The guys here are very helpful and most importantly they aren't arrogant freaks! :)

He means the number is not an algebraic constructable number. It can not be constructed with a straightedge and a compass given some unit measure.
Thanks. I didn't know that. So, Pi cannot be constructed using math tools such as compass, straight edge.

Is there any real difference between trying to make a metal rod exactly 1 inch in length or a another rod of the same material exactly √2 inch in length? Presumably there are always issues of precision and accuracy in the fabrication of a real physical object. I know that scientists have been making near perfect metal spheres 'exactly' 1kg in mass [as the potentially new form of a mass standard] - I believe they are "shaving off" layers of dimensions approaching the metal atomic radii.

http://www.newscientist.com/article/dn14229-roundest-objects-in-the-world-created.html
Hi TNK

Good point. From real world's point of view there isn't much difference between the two because making a rod exactly as long as 2 inches is as hard as making one of sqrt(2) length. Still, numbers like Pi and sqrt(2) are hard to conceptualize because they seem be never ending numbers which suggests as if they don't have fixed 'length' yet they have definite lengths as I said in first post above. Thank you.

Best wishes
PG
 

Georacer

Joined Nov 25, 2009
5,182
Is there any real difference between trying to make a metal rod exactly 1 inch in length or a another rod of the same material exactly √2 inch in length? Presumably there are always issues of precision and accuracy in the fabrication of a real physical object. I know that scientists have been making near perfect metal spheres 'exactly' 1kg in mass [as the potentially new form of a mass standard] - I believe they are "shaving off" layers of dimensions approaching the metal atomic radii.

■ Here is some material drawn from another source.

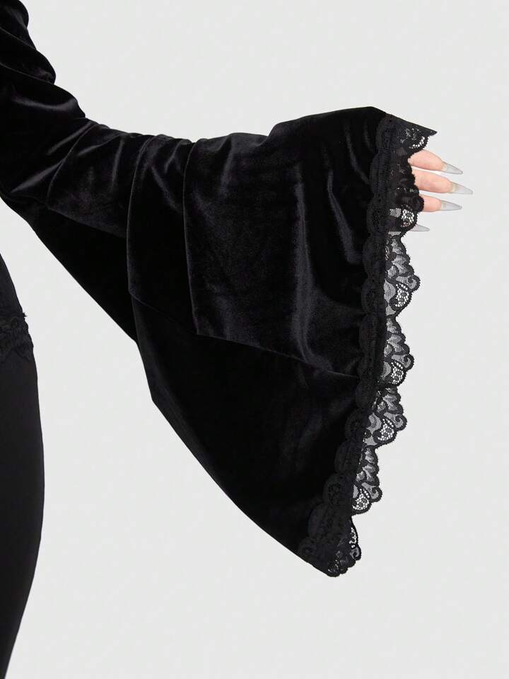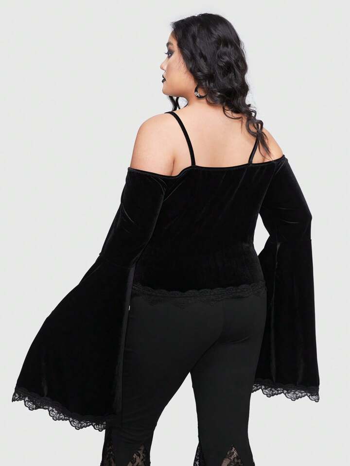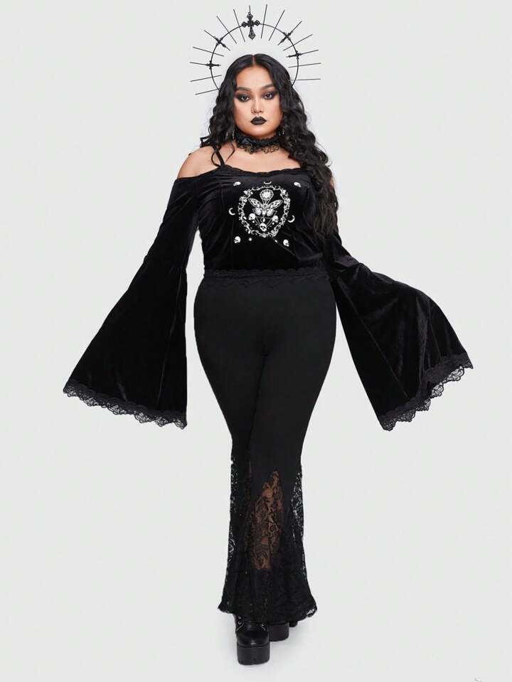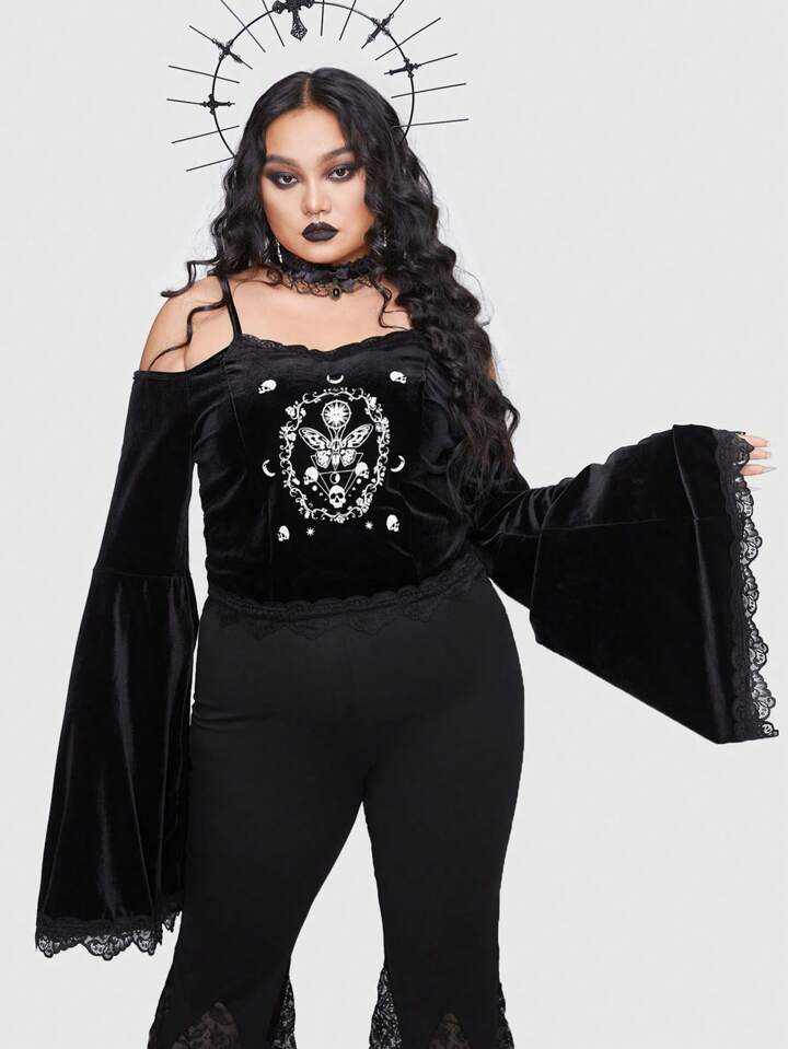 Goth Talla grande 1 pieza Camiseta de cráneo & con estampado de mariposa de hombros descubiertos ribete con encaje manga de campana de terciopelo

http://www.newscientist.com/article/dn14229-roundest-objects-in-the-world-created.html
From what we discussed in this thread it seems that given a compass and a straightedge making the 1inch and the sqrt(2)inch rod is the same. However, you cannot construct a pi-inch rod.

The first two differ in that you can't construct a sqrt(2)-inch rod with the use of a scaled ruler.
 

Thread Starter

PG1995

Joined Apr 15, 2011
832
From what we discussed in this thread it seems that given a compass and a straightedge making the 1inch and the sqrt(2)inch rod is the same. However, you cannot construct a pi-inch rod.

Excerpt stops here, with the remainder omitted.